Then it was one heck of a performance by Bronson Arroyo, who held the most potent offensive team in the majors, the Texas Rangers, to three hits over eight innings in a 7 to 0 win on July 9th. He had plenty of offensive support from Damon, who went 4 for 5 with a pair of solo home runs.

On July 10th, the Sox banged out a season-high 21 hits and steamrolled the Rangers, 14 to 6. Manny (4 for 5) paced the Sox by slugging a pair of two-run homers and an RBI single on his way to the All-Star Game. But he had plenty of help, particularly from Nomar (4 for 5 with a two-run homer and RBI double) and Damon, who singled to start three rallies and scored three times. Mark Bellhorn also went 4 for 5 with a two-run homer and an RBI double, while Jason Varitek chipped in a two-run homer of his own. The Sox entered the All Star break in 2nd place, 7 games behind the Yankees.

 

GAME LOG
  RECORD PLACE GB/GF OPPONENT SCORE  PITCHER W/L
07/06/2004 44-37 2nd -7  Oakland Athletics W 11-0 Tim Wakefield 5-5
07/07/2004 45-37 2nd -6  Oakland Athletics W 11-3 Pedro Martinez 9-3
07/08/2004 46-37 2nd -6  Oakland Athletics W 8-7 Curt Leskanic 1-4
07/09/2004 47-37 2nd -6  Texas Rangers W 7-0 Bronson Arroyo 3-7
07/10/2004 48-37 2nd -6  Texas Rangers W 14-6 Derek Lowe 7-8
07/11/2004 48-38 2nd -7  Texas Rangers L 6-5 Keith Foulke 2-2
 

In the All Star Game Manny Ramirez and David Ortiz  become the first Sox teammates to hit home runs in an All-Star Game, won by the American League for the seventh straight time, 9 to 4. Manny hit the first home run off Roger Clemens, a two-run drive into the left-field seats. Ortiz, who was eliminated in the first round of the Home Run Derby, entered the game as a pinch hitter for Manny. He remained in the game and drove a 423-foot home run into the second deck with a man aboard in the sixth.

After the break the Sox traveled back out to the west coast and split with the Angels and with the Mariners. On July 16th, the Sox beat the Angels, 4 to 2, with a strong performance from Pedro (six innings, two runs, eight strikeouts) and solo home runs by Nomar and Gabe Kapler.

On July 18th, Curt Schilling limited the Angels, to three hits and a run in eight innings in a 6 to 2 win that gave the Sox a split of their four-game series. In Seattle the Sox won just one game on July 20th. It was a gut-wrenching 9 to 7 triumph of endurance over the Mariners in which Keith Foulke struck out three straight batters in the ninth, after putting the tying runs on base with no one out.

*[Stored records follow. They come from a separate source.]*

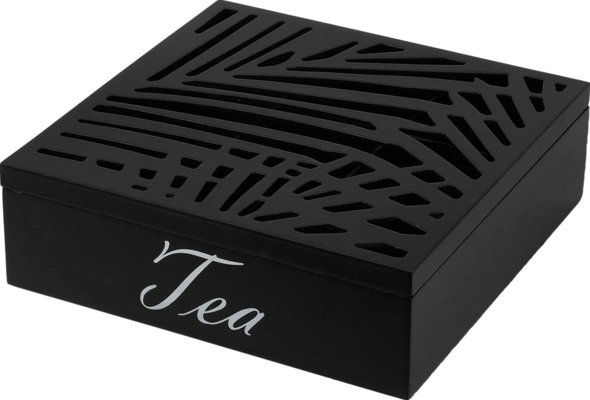 Theedoos/theekist zwart. De theedoos beschikt over 9 vakjes en is geschikt om theezakjes van 6,5 cm (Pickwick) rechtop neer te zetten. Materiaal: MDF/hout. Maat: ca: 24 x 24x 7 cm. Theedozen/theekisten.
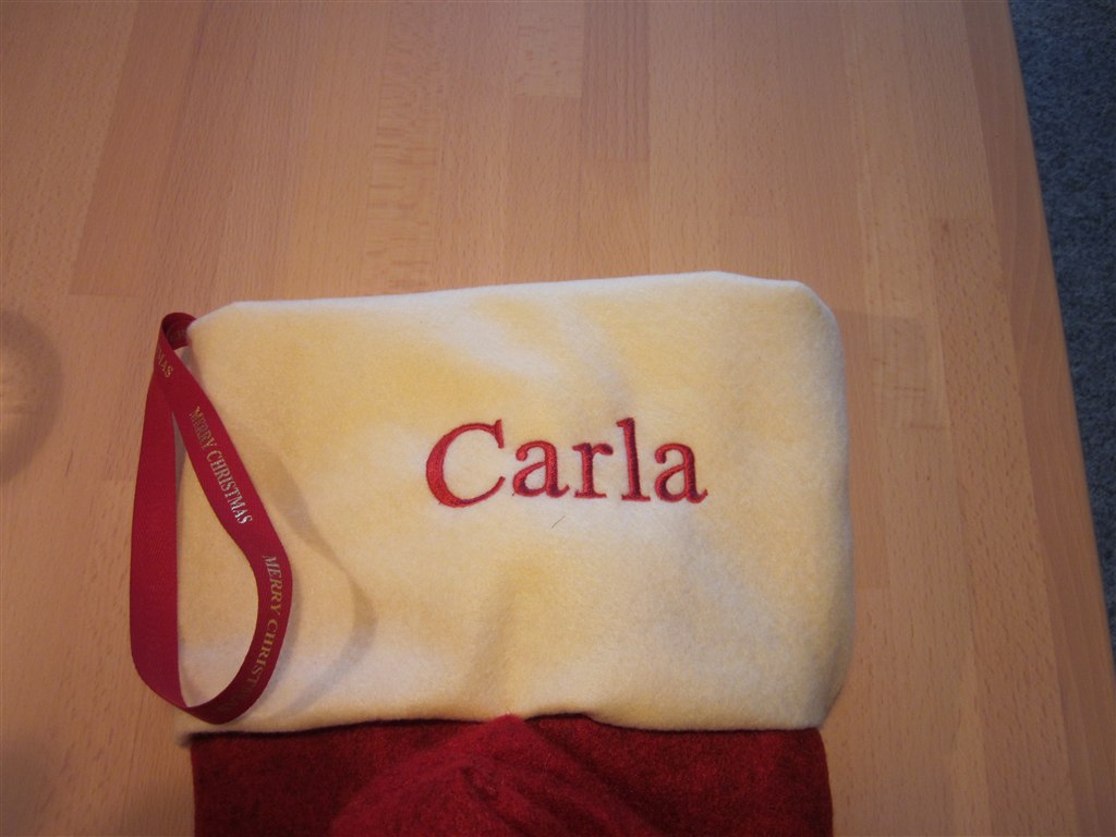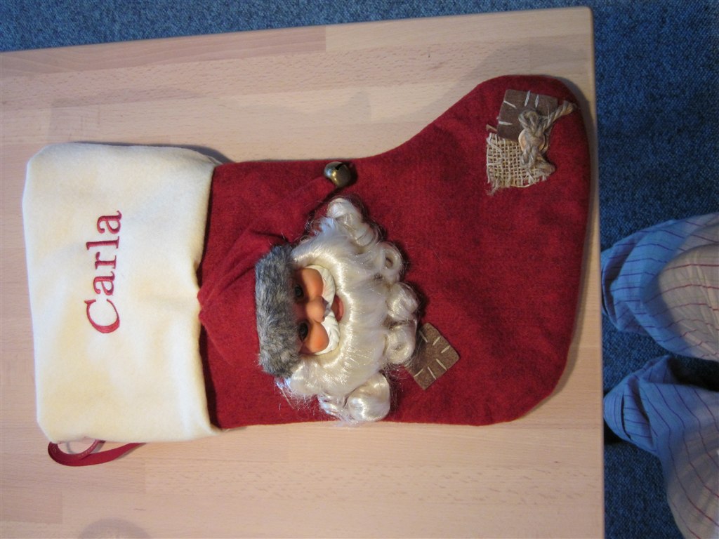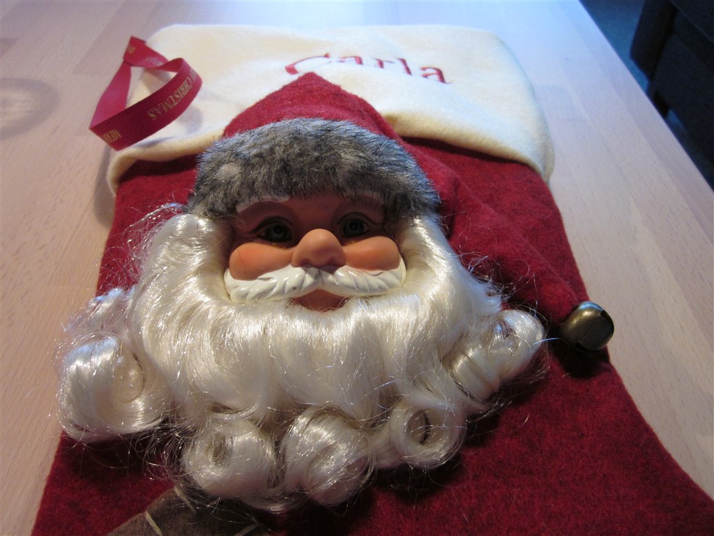 Jeg bestilte en julesok hos hende og den er bare blevet SÅ flot!!!!!! Den første sok jeg fik var der gået lidt kludder i broderiet og så var Susanne så SØD at sende mig en helt ny en!!!!!! Jeg er bare så glad for den og syntes det var så stort af hende. Se lige hvor fin den er:
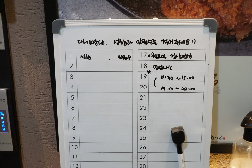 상당히 핫한곳이라서 대기명단 칠판이 있어요.
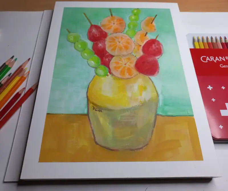 경험상 과슈 위에 수채색연필을 쓰게되면
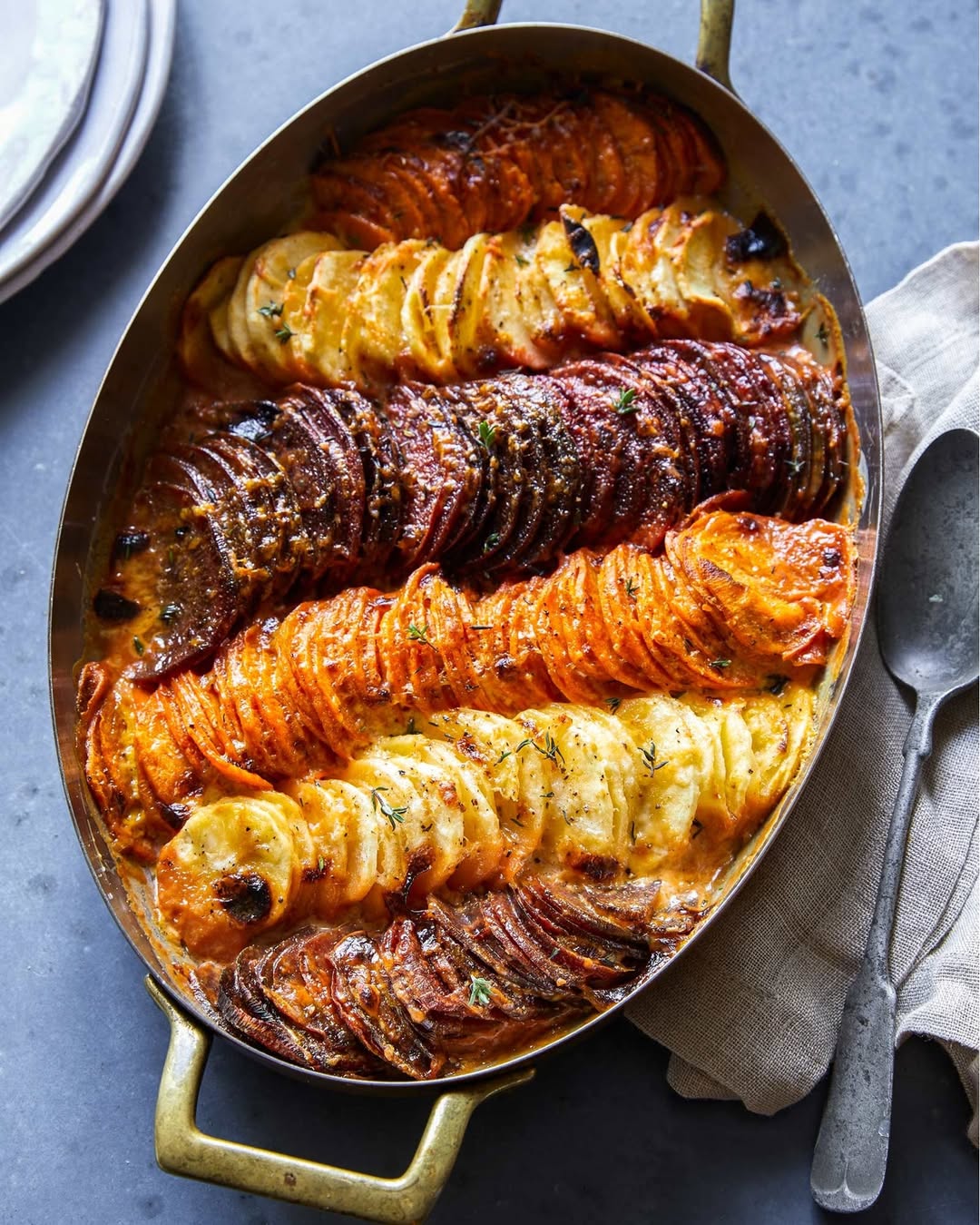 A cozy layered casserole of root vegetables baked in creamy sauce with a crisp, cheesy top.
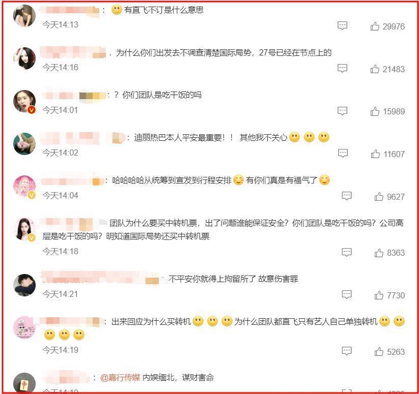 迪丽热巴的粉丝大骂经纪公司谋财害命,质问经纪公司为什么不关注国际形势?质问明明可以直达,为什么要从迪拜转机?
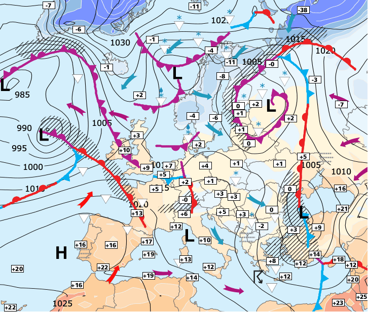 + La douceur actuelle (avalanches dans les Alpes) ne va pas durer car l'agitation que nous connaissons (pluie, vent, début de crue des cours d'eau) est liée à un contraste entre le froid polaire qui recouvre le Nord de l'Europe (notamment la Scandinavie) et la douceur Ibérique qui remonte sur la France - lire notre article complet sur les raisons de cette agitation ici >>>
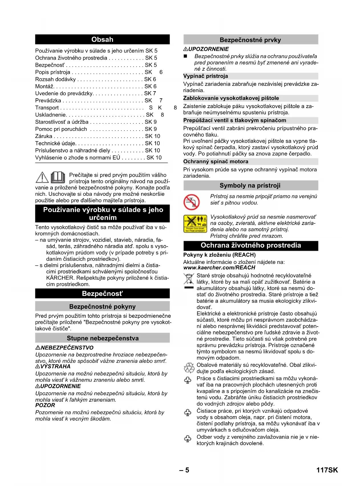 92 dB(A) Se rezervă dreptul la modificări tehnice. Accesorii şi piese de schimb Declaraţie de conformitate CE Produs: Aparat de curăţare sub presiune Tip: 1.324-xxx Directive EG respectate: 2000/14/CE 2014/30/UE 2006/42/CE (+2009/127/CE) 2011/65/UE Norme armonizate utilizate: EN 50581 EN 55014–1: 2006+A1: 2009+A2: 2011 EN 55014–2: 1997+A1: 2001+A2: 2008 EN 60335–1 EN 60335–2–79 EN 61000–3–2: 2014 EN 61000–3–3: 2013 EN 62233: 2008 Procedura de evaluare a conformităţii: 2000/14/CE: Anexa V Nivel de zgomot dB(A) măsurat: 89 garantat: 92 Winnenden, 2016/01/01 CEO Head of Approbation 116 RO– 5 Prečítajte si pred prvým použitím vášho prístroja tento originálny návod na použí- vanie a priložené bezpečnostné pokyny. Konajte podľa nich. Uschovajte si oba návody pre možné neskoršie použitie alebo pre ďalšieho majiteľa prístroja. Tento vysokotlakový čistič sa môže používať iba v sú- kromných domácnostiach. – na umývanie strojov, vozidiel, stavieb, náradia, fa- sád, terás, záhradného náradia atď. spolu s vyso- kotlakovým prúdom vody (v prípade potreby s pri- daním čistiacich prostriedkov). – s dielmi príslušenstva, náhradnými dielmi a čistia- cimi prostriedkami schválenými spoločnosťou KÄRCHER. Rešpektujte pokyny priložené k čistia- cim prostriedkom. Pred prvým použitím tohto prístroja si bezpodmienečne prečítajte priložené "Bezpečnostné pokyny pre vysokot- lakové čističe". NEBEZPEČENSTVO Upozornenie na bezprostredne hroziace nebezpečen- stvo, ktoré môže spôsobiť vážne zranenia alebo smrť. 몇 VÝSTRAHA Upozornenie na možnú nebezpečnú situáciu, ktorá by mohla viesť k vážnemu zraneniu alebo smrti. 몇 UPOZORNENIE Upozornenie na možnú nebezpečnú situáciu, ktorá by mohla viesť k ľahkým zraneniam. POZOR Pozornenie na možnú nebezpečnú situáciu, ktorá by mohla viesť k vecným škodám. 몇 UPOZORNENIE Bezpečnostné prvky slúžia na ochranu používateľa pred poranením a nesmú byť zmenené ani vyrade- né z činnosti. Vypínač zariadenia zabraňuje nezávislej prevádzke za- riadenia. Zaistenie zablokuje páku vysokotlakovej pištole a za- braňuje neúmyselnému spusteniu prístroja. Prepúšťací ventil zabráni prekročeniu prípustného pra- covného tlaku. Pri uvoľnení páčky vysokotlakovej pištole sa vypne tla- kový spínač čerpadla, ktorý zastaví vysokotlakový prúd vody. Po potiahnutí páčky sa znova zapne čerpadlo. Pri vysokom prúde sa vypne ochranný vypínač motora zariadenia. Pokyny k zloženiu (REACH) Aktuálne informácie o zložení nájdete na: www.kaercher.com/REACH Obsah Používanie výrobku v súlade s jeho určením SK 5 Ochrana životného prostredia . . . . . . . . . . . . SK 5 Bezpečnosť . . . . . . . . . . . . . . . . . . . . . . . . . . SK 5 Popis prístroja . . . . . . . . . . . . . . . . . . . . . . . . SK6 Rozsah dodávky . . . . . . . . . . . . . . . . . . . . . . SK 6 Montáž. . . . . . . . . . . . . . . . . . . . . . . . . . . . . . SK 6 Uvedenie do prevádzky. . . . . . . . . . . . . . . . . SK 7 Prevádzka . . . . . . . . . . . . . . . . . . . . . . . . . . . SK7 Transport . . . . . . . . . . . . . . . . . . . . . . . . . . . .SK 8 Uskladnenie. . . . . . . . . . . . . . . . . . . . . . . . . . SK8 Starostlivosť a údržba . . . . . . . . . . . . . . . . . . SK 9 Pomoc pri poruchách . . . . . . . . . . . . . . . . . . SK 9 Záruka . . . . . . . . . . . . . . . . . . . . . . . . . . . . . . SK 10 Technické údaje. . . . . . . . . . . . . . . . . . . . . . . SK 10 Príslušenstvo a náhradné diely . . . . . . . . . . . SK 10 Vyhlásenie o zhode s normami EÚ . . . . . . . . SK 10 Používanie výrobku v súlade s jeho určením Bezpečnosť Bezpečnostné pokyny Stupne nebezpečenstva Bezpečnostné prvky Vypínač prístroja Zablokovanie vysokotlakovej pištole Prepúšžací ventil s tlakovým spínačom Ochranný spínač motora Symboly na prístroji Prístroj sa nesmie pripojiť priamo na verejnú sieť s pitnou vodou. Vysokotlakový prúd sa nesmie nasmerovať na osoby, zvieratá, aktívne elektrické zaria- denia alebo na samotný prístroj. Prístroj chráňte pred mrazom. Ochrana životného prostredia Staré stroje obsahujú hodnotné recyklovateľné látky, ktoré by sa mali opäť zužitkovať. Batérie a akumulátory obsahujú látky, ktoré sa nesmú do- stať do životného prostredia. Staré prístroje a tiež batérie a akumulátory sa musia ekologicky zlikvi- dovať. Elektrické a elektronické prístroje často obsahujú súčasti, ktoré môžu pri nesprávnom zaobchádza- ní alebo nesprávnej likvidácii predstavovať poten- ciálne nebezpečenstvo pre ľudské zdravie a život- né prostredie. Tieto súčasti sú však potrebné pre správnu prevádzku prístroja. Prístroje označené týmto symbolom sa nesmú likvidovať spolu s do- movým odpadom. Obalové materiály sú recyklovateľné. Obal zlikvi- dujte podľa ekologických zásad. Práce s čistiacimi prostriedkami sa môžu vykoná- vať iba na pracovných plochách utesnených proti kvapaline a s pripojením do kanalizácie na znečis- tenú vodu. Zabráňte úniku čistiacich prostriedkov do vodných zdrojov alebo pôdy. Čistiace práce, pri ktorých vznikajú odpadové vody s obsahom oleja, napr. pri čistení motora, čistení podlahy prístroja, sa môžu vykonávať iba v umyvárkach s odlučovačom oleja. Odber vody z verejného zavlažovania nie je v nie- ktorých krajinách dovolené. 117SK– 6 V tomto návode na prevádzku je popísaná maximálna výbava. Podľa modelu existujú rozdiely v rozsahu do- dávky (pozri obal). Obrázky nájdete na vyklápajúcej sa strane 4 1 Spojovací diel na pripojenie prívodu vody 2 Prípojka vody so zabudovaným sitkom 3 Vysokotlaková hadica 4 Hadicový rozvod 5 Uloženie pre oceľové rúrky 6 Uskladnenie / Parkovacia poloha vysokotlakovej pištole 7 Prípojka pre čistiac
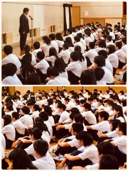 終業式後の全校集会では、生徒指導主事の増田先生から、「おしかった!残念やった!」何でしょう?と話し始められました。生徒に問うと「カバン0」と回答がありました。全校集会に遅れてカバンを持ってくる生徒が(遅れて来る)0になりそうだった、可能性が十分あると二学期の目当てを話してくださいました。
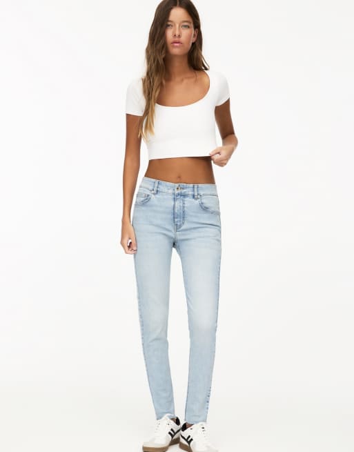 Pull&Bear - Lyseblå skinny-jeans med mellemhøj talje
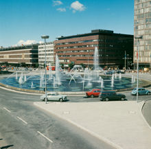 Fotografiet är taget av Ingemar Gram i november 1967. Fontänen är under uppbyggnad men de gamla husen är fortfarande kvar där Kulturhuset kommer att byggas ett par år senare.
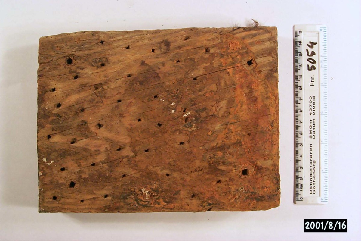 Fyrkantig, del av förhydring i tallträ. På ena sidan ett stort utskuret ovalt hål, som störst 63 mm, ca 20 mm djupt, två hål efter förhydringsspik i hålet. Fyra genomgående spikhål i hörnen på brädan, rester av drev. På andra sidan ett stort antal hål efter förhydringsspik. Rester efter korrosion och färg över hela föremålet.

The Sox came home and lost two games to the Orioles, but won the last matchup in the second game of a July 22nd doubleheader, 4 to 0, as Tim Wakefield reeled off one of his finest outings of the season. He scattered eight hits and walked none.

 

Then it was the Yankees at Fenway. July 24th was the game which may have begun to cement the spirit that kept them in contention all year long. After a Bronson Arroyo pitch hit A-Rod, there was some jostling with Jason Varitek, whose glove ended up shoved into A-Rod’s face.  Benches emptied and punches were thrown, and after 23 consecutive saves, reliever Mariano Rivera gave up a game-winning three-run homer to Bill Mueller, in the bottom of the ninth, for a Red Sox 11 to 10 come-from-behind walk-off win.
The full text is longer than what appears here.